И все-таки что-то мешало. Что-то неявное, но, без сомнения, вредоносно влияющее на процесс освобождения во мне подсознательного, что-то диссонирующее с окружающей природой, с уютной обстановкой дома... Да вот же оно – безобразный серый пакет, перевитый бечевкой, словно требовал внимания, мне показалось даже, он издает какой-то противный писк.
Ну, хорошо же, мадам (я склонялся к мысли, что мой корреспондент – дама), так и быть, прочту первые три страницы – и покончим с этим; после трех страниц, собственно, все уже будет ясно.
Я поискал на своем захламленном столе нож для бумаги и, разумеется, не нашел; взял конверт – меня удивило, что на нем нет обратного адреса: конечно, женщина! – интересно, каким образом, по ее мнению, я мог бы ответить? но, возможно, листочек с адресом внутри? Раздражаясь все больше, я хотел надорвать конверт с краю; бумага не поддалась, и тогда я в сердцах грубо рванул ее. На стол посыпались большие плотные листы с приклеенными вырезками – не то из книг, не то из газет.
Я сперва не понял, что это такое. И только вчитавшись...
Это был оскорбительный выпад, хлесткий и грубый удар. Это была пощечина.
Каждый лист был разделен пополам: в левой его части наклеена страница из моей книги, справа – кусок газетной статьи или небольшой текст, отпечатанный на пишущей машинке и подобранный таким образом, чтобы «комментарий» опровергал мои слова.
Все плоды моих духовных поисков, все истины, открывшиеся мне в результате жестокой борьбы с привычными идолами и заблуждениями человечества, все любимейшие творения моего ума и сердца, все выводы, что извлек я, развивая идеи моих духовных пастырей – все было осуждено и осмеяно. Что же касается тех отрывков, где я рассказывал о России – с ними было еще хуже: выражаясь лапидарно, мой корреспондент уличал меня во лжи. Или, по крайней мере, выставлял досужим туристом – это меня-то, потратившего годы на то, чтобы понять, прочувствовать, осмыслить глубину происходящего в чужой стране.
Остатки прежнего светлосозидательного настроения развеялись подобно клочьям тумана.

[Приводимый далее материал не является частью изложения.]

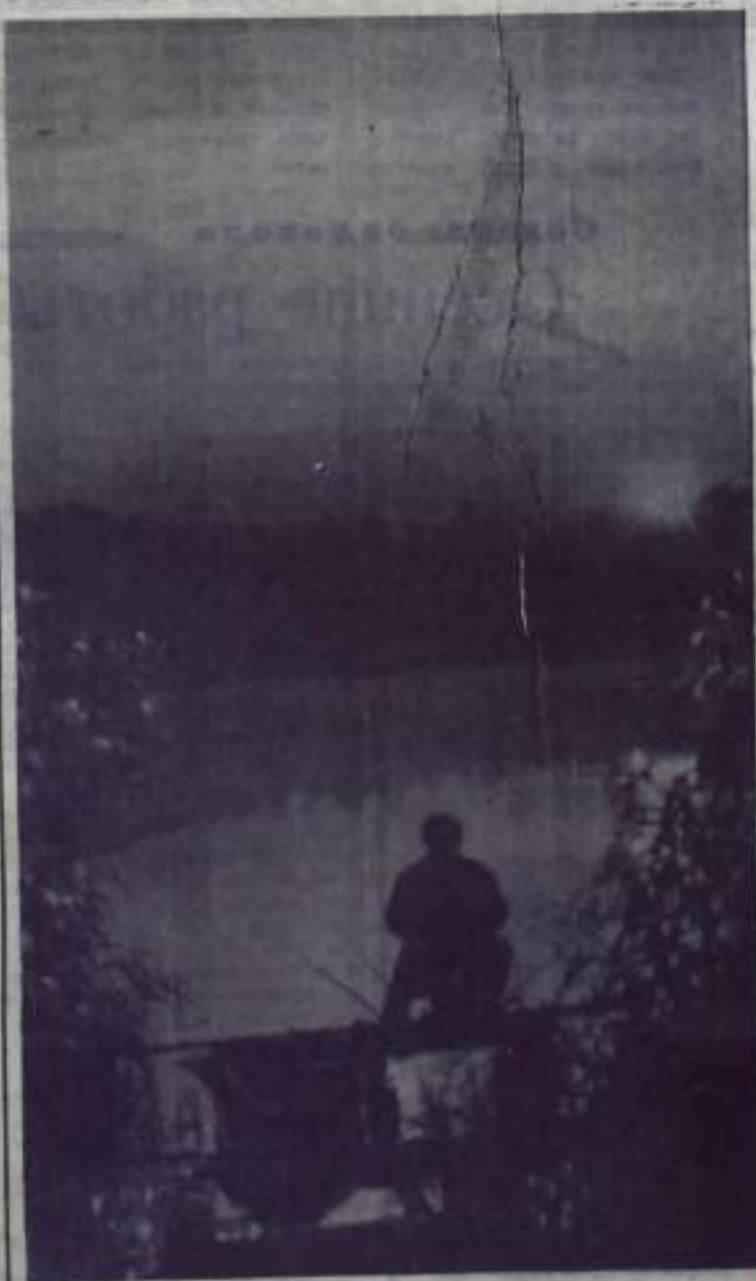
Рыбачье утро.

Казалось, я слышал чей-то издевательский смешок: ты ожидал восторженных излияний поклонницы, приятель? – так вот же тебе оплеуха, не будь таким самонадеянным.

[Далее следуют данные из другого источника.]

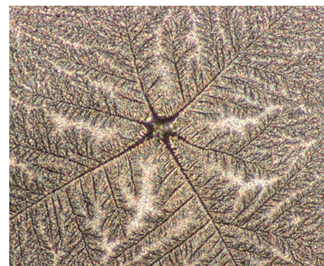
100-fache Vergrößerung der Bildmitte des rhythmisierten Wassers.

«Besonders wertvoll sind Sechsstern-Formen. Auffallend sind die bis in die feinsten Formen sich verzweigenden Sternstrahlen.» (Zitate aus den Untersuchungsergebnissen von Dr. Wilhelm Höfer)

Кто мог прислать мне этот пакет, кому пришла в голову столь странная фантазия, кто, наконец, был до того обуреваем жаждой творческой мести, что проделал немалую работу, собирая материал, штудируя газеты? Такое чувство, будто он залез в мой дом, рылся в моих вещах.
И тут меня бросило в пот: а что если это происки властей? Сторонники режима припомнили мне давние коммунистические взгляды, целое досье состряпали – предупреждают, запугивают, подбираются? Нет, слишком тонко для них; должно быть, я ошибаюсь, – у страха глаза велики, – и здесь личное: сведение каких-то неведомых счетов. В конце концов, в чем меня могут обвинить? Я всегда был осторожен, благоразумен, ни разу в жизни не принял участия в сомнительных акциях, не вступал в партии, не подписал ни единой петиции. Нет-нет, всё-таки личное.

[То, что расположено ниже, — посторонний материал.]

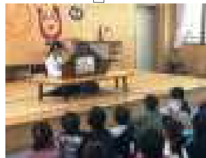
図書室での紙芝居
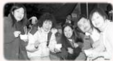
作者(左二)與同學合攝

另一方面，我也學會感恩。天地給我一份寧靜，令我的心靈得以安頓；亦使我看到自己的不
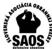
Slovenská Asociácia Obrannej Strelby

Несколько дней – бесценных дней моей спешащей на закат жизни – украл у меня этот человек, заставив прочесть всё до конца; и теперь я гадаю, кто он. Комментарии, – в тех случаях, когда ему не хватило газет, – отпечатаны на пишущей машинке, язык – французский; вырезки сделаны из моих книг, изданных в переводе во Франции; отдельно вложен листок с коротким стихотворением на русском. Я знал лишь двух людей, равно владеющих обоими этими языками, но они – друг и недруг – давно мертвы. Впрочем, смутно припоминаю еще одного мужчину, и одну женщину, и еще одну... Чем больше мучишься загадкой, тем все более нелепые ответы приходят в голову, тем все больше забытых лиц всплывает в памяти, словно утопленники с потревоженного затонувшего корабля.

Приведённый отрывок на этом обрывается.